→ EXERCISE:
The records are set out below this line. Return exactly the lines from the one containing "(1) | 指定 SNMP v. 3 协议中要使用的用户信息。 如果要注册/编辑用户信息" through the last, and exclude the pictures.

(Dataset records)
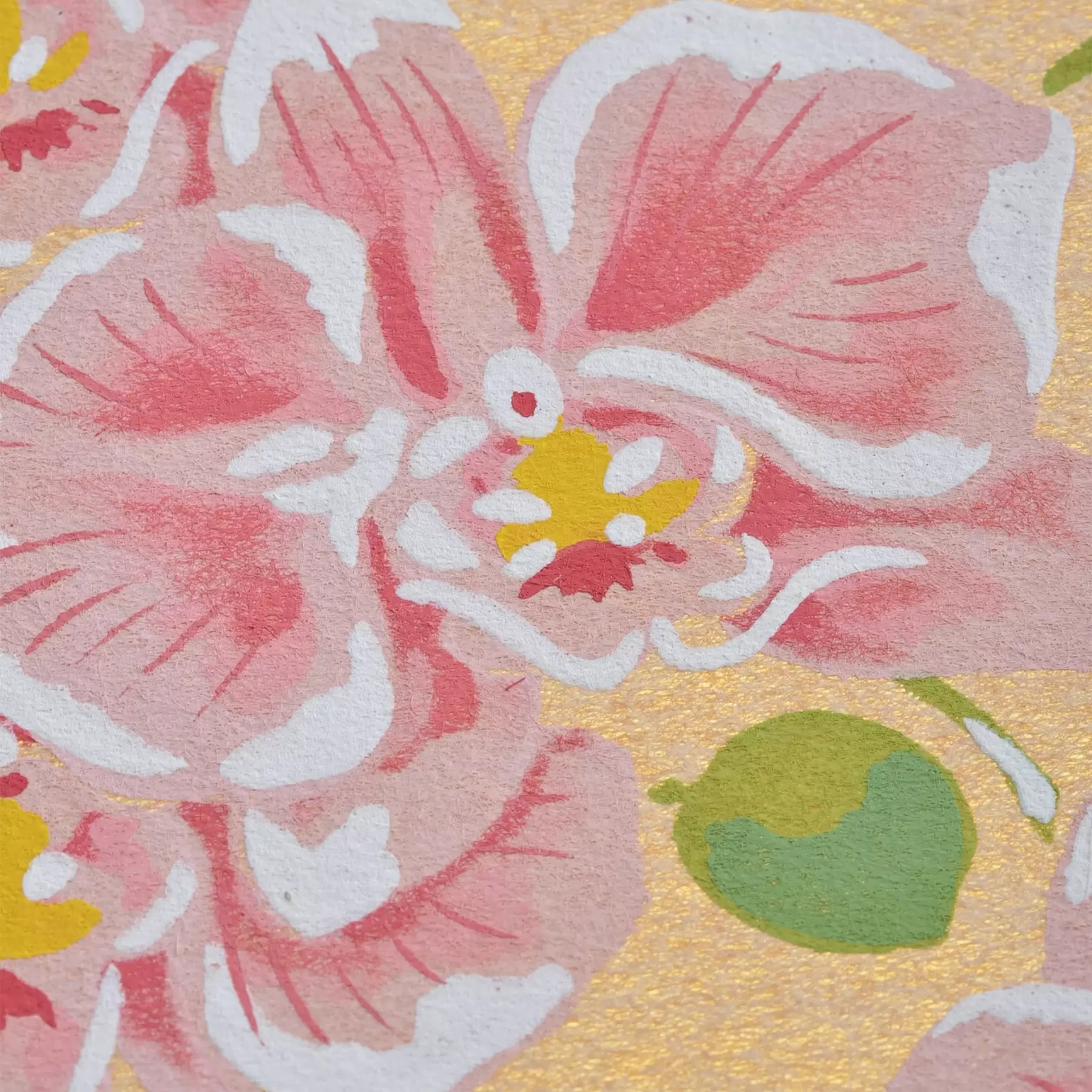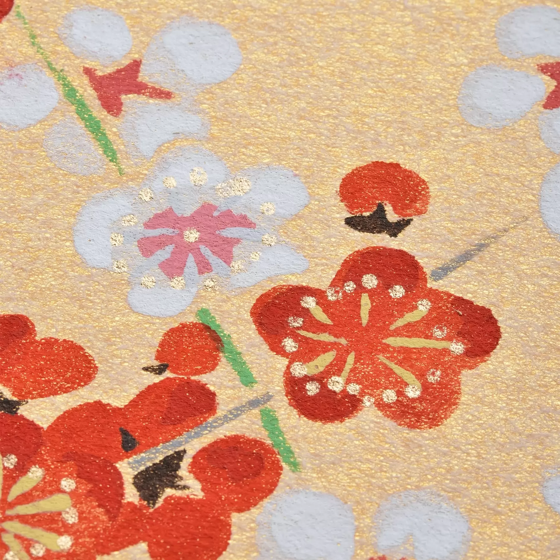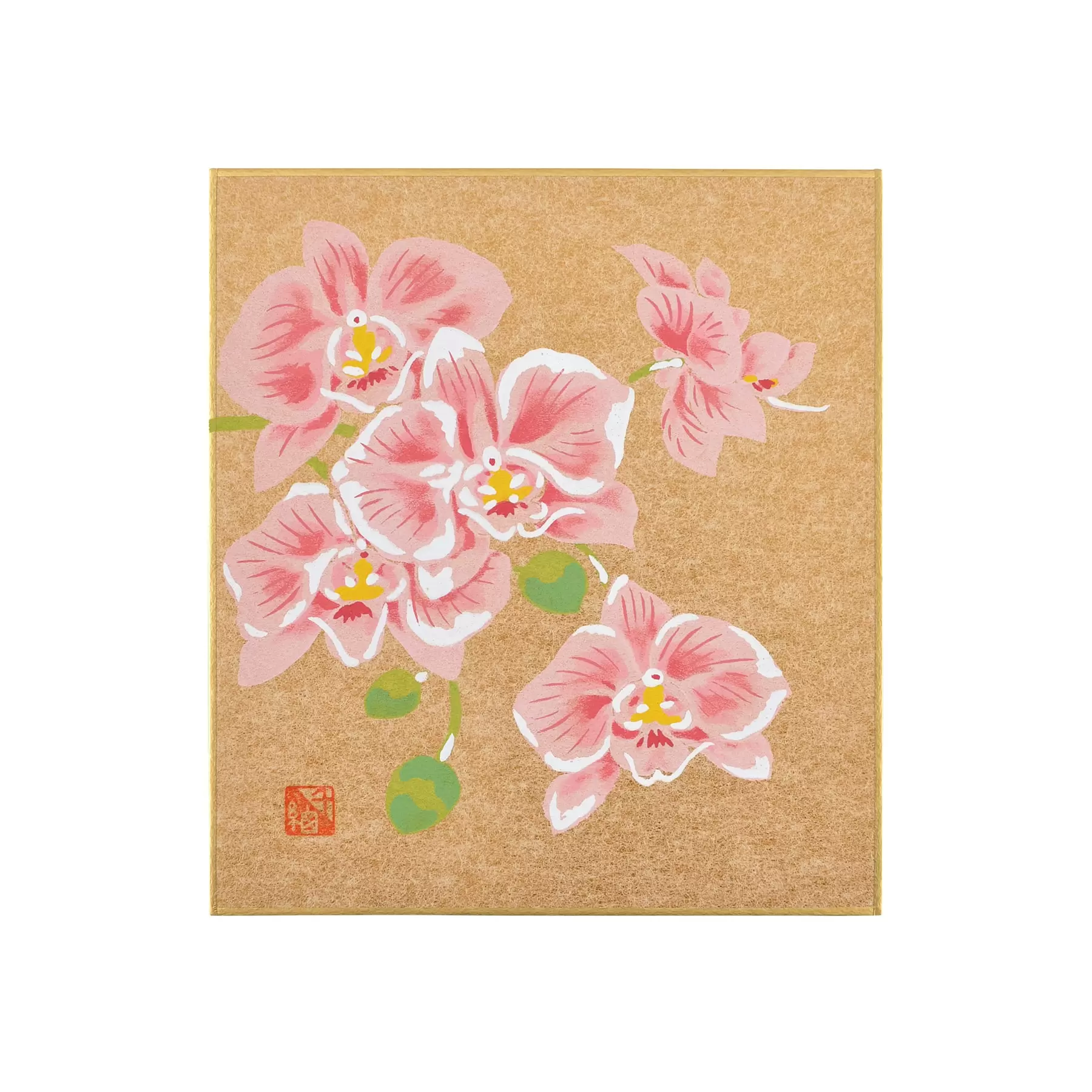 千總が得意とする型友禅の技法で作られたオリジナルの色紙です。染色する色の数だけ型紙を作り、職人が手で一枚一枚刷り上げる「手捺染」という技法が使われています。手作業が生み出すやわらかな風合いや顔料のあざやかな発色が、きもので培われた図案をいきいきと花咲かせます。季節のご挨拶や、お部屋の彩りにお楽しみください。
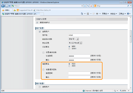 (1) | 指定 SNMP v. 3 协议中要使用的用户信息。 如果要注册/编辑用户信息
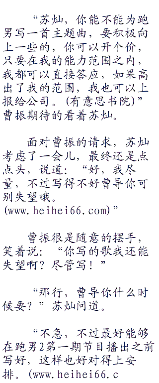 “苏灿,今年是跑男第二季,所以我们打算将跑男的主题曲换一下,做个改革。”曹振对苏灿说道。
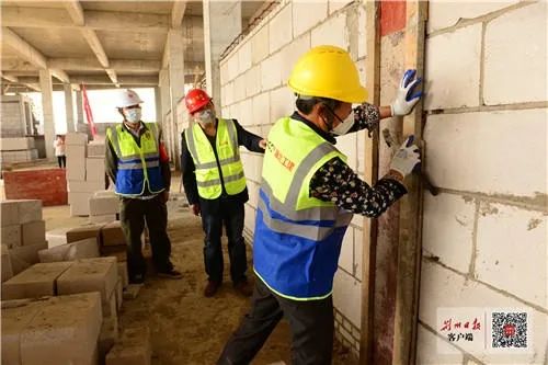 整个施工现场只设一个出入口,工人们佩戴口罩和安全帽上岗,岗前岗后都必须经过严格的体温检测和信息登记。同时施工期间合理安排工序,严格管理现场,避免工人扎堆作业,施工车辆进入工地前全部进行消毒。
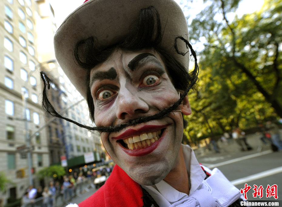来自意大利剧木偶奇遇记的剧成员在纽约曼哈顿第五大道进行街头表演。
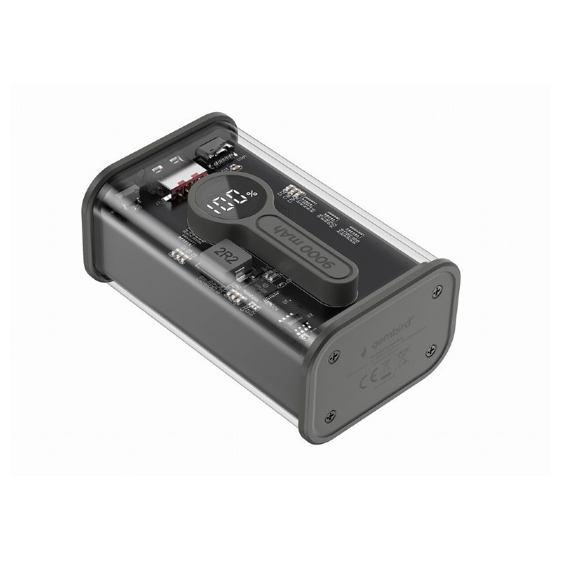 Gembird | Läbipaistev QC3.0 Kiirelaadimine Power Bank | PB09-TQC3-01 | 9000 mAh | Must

→ OUTPUT:
 (1) | 指定 SNMP v. 3 协议中要使用的用户信息。 如果要注册/编辑用户信息
 “苏灿,今年是跑男第二季,所以我们打算将跑男的主题曲换一下,做个改革。”曹振对苏灿说道。
 整个施工现场只设一个出入口,工人们佩戴口罩和安全帽上岗,岗前岗后都必须经过严格的体温检测和信息登记。同时施工期间合理安排工序,严格管理现场,避免工人扎堆作业,施工车辆进入工地前全部进行消毒。
来自意大利剧木偶奇遇记的剧成员在纽约曼哈顿第五大道进行街头表演。
 Gembird | Läbipaistev QC3.0 Kiirelaadimine Power Bank | PB09-TQC3-01 | 9000 mAh | Must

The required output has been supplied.